Lemon Balm

Lemon balm is a perennial herb whose leaves are used to make medicine. It is good for digestive problems, such as bloating, upset stomach, intestinal gas (flatulence),vomiting, colic; for pain, including headache and toothache; menstrual cramps, and for different mental disorders, such as melancholia and hysteria.
As lemon balm possesses calming properties it can be taken for anxiety, restlessness and sleep problems. Sometimes people use lemon balm for attention deficit-hyperactivity disorder (ADHD), Alzheimer's disease, an autoimmune disease of the thyroid (Graves' disease), rapid heartbeat (nervousness), swollen airways, high blood pressure, tumors, sores, and insect bites.
Lemon balm can be applied to the skin to treat herpes labialis (cold sores). This product contains chemicals with a calming, sedative effect. It can also reduce the reproduction speed of some viruses. Lemon balm can be also used for colic in breast-fed infants.

Lemon balm is safe when used in amounts found in food and it is safe for grown-ups when used in medicinal amounts for a short period of time.

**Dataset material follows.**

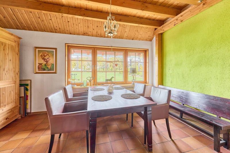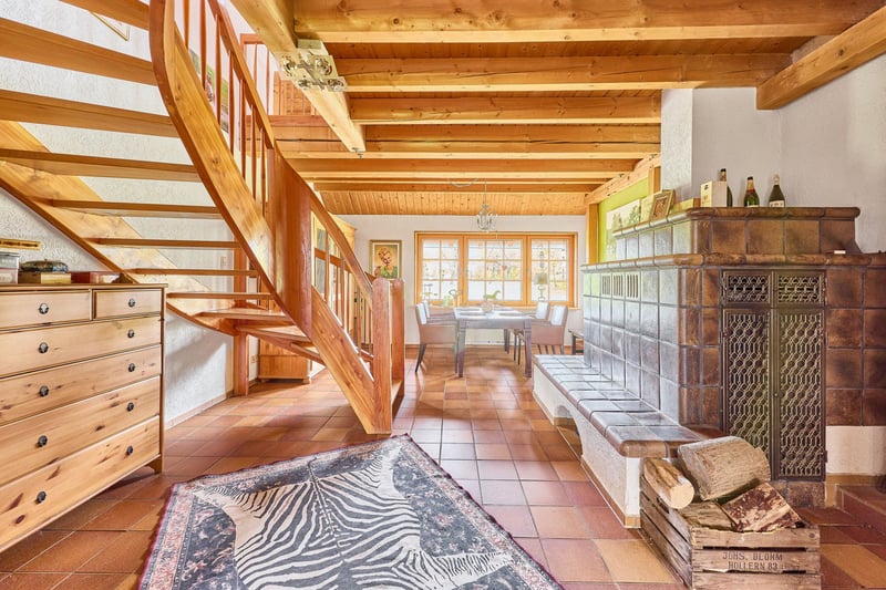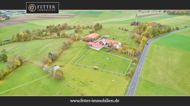 Equestrian Facility in Secluded Location with Space for Currently 32 Horses & Over 8 Hectares of Own Land! Property Description: This riding estate is situated in a quiet, private setting within a district of Birstein, combining functional infrastructure with a cozy, rural living atmosphere. The property spans approximately 83,879 m² of owned land, with an additional 17,500 m² of co-ownership and further leased areas. The country house offers about 350 m² of living space, divided into three residential units, including a small staff apartment. The two larger units can be combined into a single residence via an internal door but are also separable if desired. The building has been regularly modernized, with bathrooms and kitchens renovated in 2020. It is equipped with an air/water heat pump and an oil heating system, as well as underfloor heating and cozy tiled stoves. A large garden featuring a new outdoor pool adds to the exclusivity. The riding hall, built in 2004, provides an optimal training environment with a 20 x 40-meter riding arena and a sand/textile surface. Its timber-frame construction, large windows, and adjoining rider’s lounge create a bright, functional, and pleasant working atmosphere. Additionally, there is a large, drained grass riding arena, a lunging circle (Ø 18 m), and a horse-walking machine for four horses. The stables, constructed or renovated in 1970, 1990, and 2020, accommodate up to 32 horses, distributed across paddock boxes, indoor boxes, and open stalls. A large, fully enclosed barn from 1958 with 350 m² provides ample storage space for approximately 300 round bales. Extensive pastures and paddocks border directly to the stables, enabling species-appropriate keeping with plenty of movement. For daily operations, there is an approved manure platform, sufficient parking for cars, and a trailer parking area. The charm of the country house, generous grounds, and peaceful seclusion make this estate a place where one feels at home both in everyday life and in equestrian pursuits. Features: Main House: - Built: 1958, expanded in 1991 and 2004 - Living area: approx. 350 m², 3 residential units - Heating: Oil (2010), underfloor heating, tiled stove, air/water heat pump in the “Old House” - Construction: Solid masonry - Modernizations: Bathrooms and kitchens in 2020 - Windows: PVC/Wood, double-glazed, sash windows (from 1985, 1991, 2004) - Insulation: Roof and intermediate floors - Large private garden - Exterior pool (6.5 x 3.8 m) from 2021, heated via heat pump Riding Hall: - Built: 2004 - Arena: 20 x 40 meters - Surface: Sand/textile mixture - Construction: Timber-frame - Rider’s lounge with view into the arena Dressage Arena: - Built: 2005 - Dimensions: 70 x 110 meters - Surface: Drained grass - Fencing present Horse Accommodation: - Built: 1970, 1990, and 2020 - Watering: Frost-free ball troughs in the open stalls, Suevia circulation system in paddock boxes - Sizes: Between 3 x 3 and 3 x 4 meters - Multiple saddle rooms available Total capacity for up to 32 horses: - 10 Paddock boxes - 4 indoor boxes without paddock - 8 open stalls for 18 horses/ponies Horse-Walking Machine: - Capacity: 4 horses - Built: 2020 - Surface: Rubber bones Barn: - Built: 1958 - 350 m² gross floor area (fully enclosed) - Storage for approx. 300 round bales - Floor: Concrete Lunging Circle: - Built: 2010 - Surface: Sand/textile mixture, drained - Diameter: 18 meters - Fencing available Additional Features: - Approved manure platform - Trailer parking and car parking spaces - Approved application for a 24 kW photovoltaic system with the Kreiswerke MKK Location: The riding estate is located in a district of the municipality of Birstein in the Hessian Main-Kinzig district. Quick access via federal roads B276 and B457 leads toward Gedern, Gelnhausen, and Büdingen. From there, the A66 (Frankfurt–Fulda) and A45 (Hanau–Gießen) motorways are easily reachable. The Wächtersbach and Gelnhausen train stations connect to regional and long-distance services with direct links to Frankfurt am Main, Hanau, and Fulda. Frankfurt Airport (FRA) is approximately 60–70 minutes away by car, with Frankfurt-Hahn Airport reachable in about 90 minutes. The community offers a high quality of life in a natural setting. The district is part of the family-friendly municipality of Birstein, known for its active clubs, good basic services, and idyllic location within the Vogelsberg Nature Park. Numerous associations in the village and surrounding areas provide a diverse range of leisure and community activities—from riding and sports clubs to fire brigade and cultural initiatives. Daily necessities are available in Birstein and neighboring towns, including supermarkets, bakeries, butchers, banks, and restaurants. A larger retail and supermarket location is in nearby Wächtersbach, just a few minutes’ drive away. Educational facilities include a primary school and a comprehensive school with a gymnasium branch. Secondary and vocational schools are accessible in Wächtersbach, Gelnhausen, or Büdingen. Medical care is secured with general practitioners, dentists, and a pharmacy in Birstein, with specialists and Gelnhausen Hospital reachable within about 25 minutes. The combination of peaceful surroundings, a strong village community, and excellent connectivity makes this area an attractive place to live—ideal for families, nature lovers, and those seeking rural life with solid infrastructure. Energy Certificate: Main energy source: Heating oil, air/water heat pump Demand Certificate End energy consumption: 168.91 kWh/(m²*a) Energy efficiency class: F Construction year according to energy certificate: 1991 Additional Information: Unauthorized access to the riding estate outside of scheduled viewings with the authorized broker Fetter Immobilien is prohibited by the owners. A commission of 3.57% of the purchase price including VAT is payable upon notarization and is due upon signing the notariz

Little information is known about the safety of this product when used for a long period of time. Some reports claim that lemon balm is safe when used in appropriate amounts by children and infants.
However, lemon balm can lead to some side effects when taken by mouth. These side effects include vomiting, nausea, abdominal pain, wheezing and dizziness. When applied to the skin, lemon balm can cause irritation and increase symptoms of cold sore. It should be mentioned that lemon balm is not recommended to pregnant women and those who breast-feed their children. Little is known about the impact of lemon balm on an infant during pregnancy and breast-feeding. Thus, it's better to avoid its usage.
Lemon balm should not be taken before surgery because it might cause too much drowsiness, especially when combined with other medications. Don't take or use lemon balm minimum two weeks before a surgery.